Indiana under Governor Mitch Daniels did it right when he invested the Indiana toll road proceeds in fully funding the state's infrastructure deficit. He did so in a way that will reduce long term costs due to accelerated deterioration of the roads and the affect on economic vitality

3) Accepting Medicine That Makes the Patient Worse (a Short Term Fix)

No stressed mayor or governor faced with layoffs and budget cuts can rationally turn down stimulus money. But instead of investing the money in transformative approaches to public services that will permanently reduce the cost of production, the federal government forced local officials to temporarily keep public jobs at unsustainably higher levels--thus ensuring an even steeper cliff event when the money runs out.

4) Deferring maintenance on infrastructure

Very few governments maintain a true capital budget reflecting depreciation. Therefore officials have little incentive to defer today's needs to prepare for tomorrow's infrastructure crisis. Yet this deferred maintenance comes at a very steep price eventually as the neglected small repairs of today become the huge replacement expenses of tomorrow. Recently enacted GASB rules 43 and 45, helpfully require governments to account for the costs of unfunded liabilities on their balance sheets, belatedly forcing some attention to this issue.

Clearly most officials care about the future of their communities but now they will be called on more than ever to discharge their responsibilities by taking on political risks that once could be avoided--in essence they will need to net present value not just the capital costs but the political ones as well.

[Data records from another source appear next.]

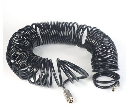 Описание: Спиральные шланги изготовлены из полиамидного материала в форме спирали; устойчивы к низким температурам; эластичны; оснащены быстросъёмными штуцерами.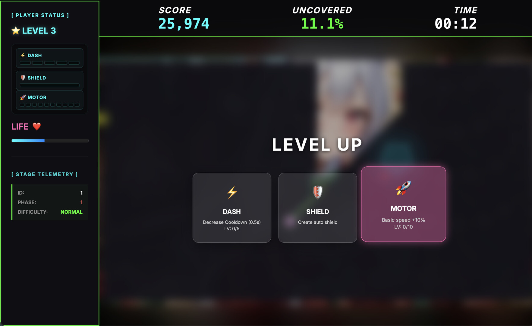 ค้นพบศิลปะที่ซ่อนอยู่ในเกมอาร์เคดสไตล์ Qix(Gals Panic) แนว neon synthwave! หลบกระสุน ยึดพื้นที่ 80% และอัปเกรดทักษะ Dash, Shield, Motor เพื่อสยบบอสที่วิวัฒนาการได้ สนุกไม่รู้จบกับ Custom Mode เปลี่ยนรูปภาพของคุณเป็นด่าน! Project Uncover: ศิลปะและแอ็กชันไร้ขีดจำกัด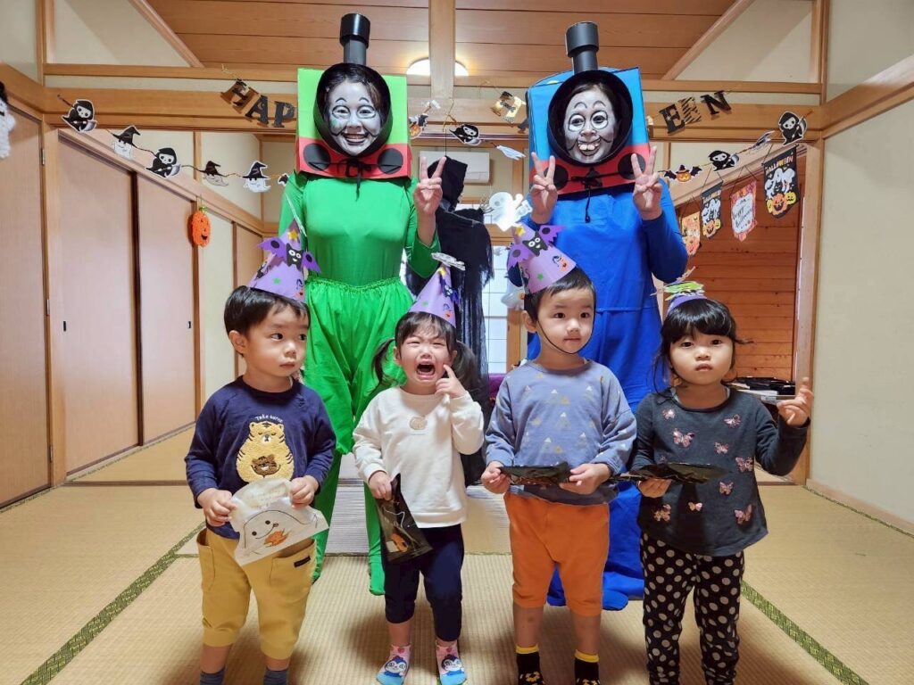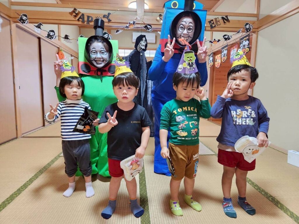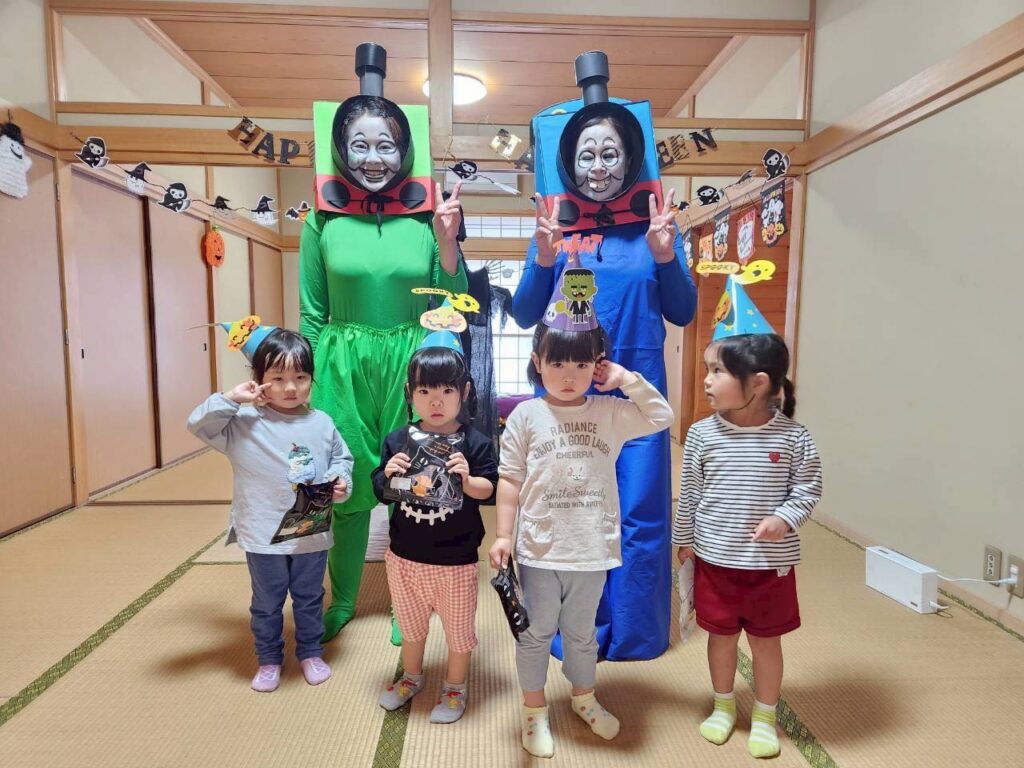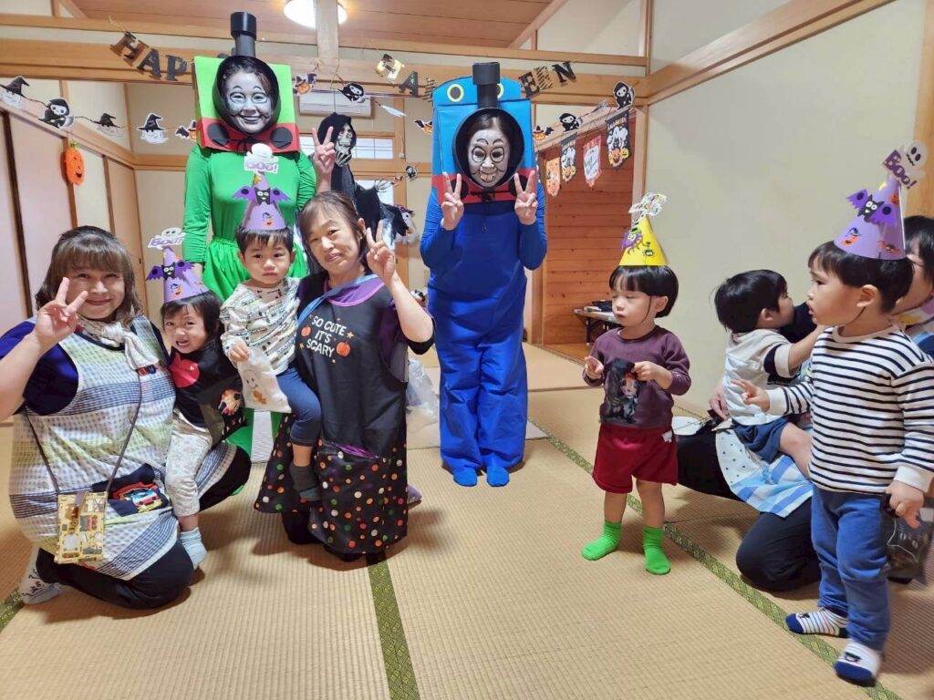 もも組 👻ハロウィン🎃 2025.11.13 10/27に市浜こども園のハロウィンがありました!今回はハレレアに行き、お菓子をもらいました!三角帽子をかぶってウキウキなこどもたち✨ ハレレアに入ると、トーマスとパーシーがみんなにお菓子をくれました。トーマスとパーシーを目の前にすると,びっくりして泣く子も🫣笑 お菓子をもらって嬉しそうな子どもたちでした♪ ハロウィン🎃 前の記事 親子遠足✨🏰💗 次の記事

Large doses of courage and transparency will be necessary for today's state and local officials to protect the voters of tomorrow despite the complaints by today's highly organized public spending beneficiaries. Leadership involves not just facing down employee groups, recipients of grants, state associations and the like but also the tough job of educating the general public that government has overgrown its resources and its capacity, which in turn is slowing job and economic growth. Governor Christie is off to a good start in showing other's the way.